Она достаёт из скрытого кармана платья платок — белый, с вышитым уголком в виде маленькой фиалки. Она всегда носит с собой чистую ткань на случай, если кто-то начнёт истекать кровью прямо в гостиной, что, как ни странно, бывало.
Поднимает руку и держит платок между ними — протянутый, но не навязанный.
— Возьмите.
Филипп смотрит на протянутый платок.
Из гостиной доносится голос Энтони — спокойный, размеренный, о дорогах или погоде, о чём-то совершенно неважном. Голос звучит как фон, как попытка мира продолжаться, даже когда он трещит по швам.
— Пустяки, — повторяет Филипп. Но теперь это слово звучит иначе: глухо, почти растерянно. Будто он сам не уверен, что защищает: лицо, гордость или просто право быть сломанным без свидетелей.
Он берёт платок. Их пальцы не соприкасаются. Он обходит это касание с осторожностью заражённого, который боится передать яд. Или получить его. Сострадание. Надежду. Что-то, что хуже любой болезни.
Прижимает ткань к скуле. На белом тут же расплывается алое пятно.
— Вы не обязаны, — говорит он, не глядя на неё. — Это не ваша забота.
— Но вы ходите окровавленный, — отвечает она. — А я — человек, который замечает такие вещи. Даже если другие делают вид, что нет.
Филипп поднимает на неё глаза. В них мелькает что-то похожее на усмешку. Горькое, искажённое отражение юмора, лишённое веселья. Оно исчезает раньше, чем успевает оформиться.

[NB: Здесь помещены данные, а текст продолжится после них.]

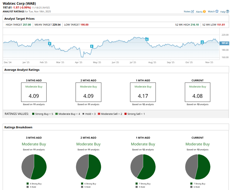 WAB has a consensus “Moderate Buy” rating overall. Of the 13 analysts covering the stock, opinions include seven “Strong Buys” and six “Holds.”

— Я всегда хожу окровавленный, — произносит он тихо. — В последнее время. Это добавляет пикантности приёму гостей, не находите?
Из гостиной — звон чашки о блюдце. Кейт говорит что-то мягкое, успокаивающее.
Филипп переводит взгляд на конец коридора — туда, где исчезли служанка и мальчик. Его лицо становится жёстким. Почти жестоким. Но выражение это — не для них. Оно направлено внутрь. На себя.
— Пикантности добавляет то, что вы нам не рады, — говорит Элоиза. Её голос — лёгкий, почти игривый, но в нём — вызов.
Филипп коротко и хрипло смеётся. Смех обрывается сразу.
— Я не рад никому, — говорит он просто, без тени извинения. — И себе — меньше всего.
Он протягивает ей платок — грязный, с алым пятном. Жест небрежный, почти равнодушный.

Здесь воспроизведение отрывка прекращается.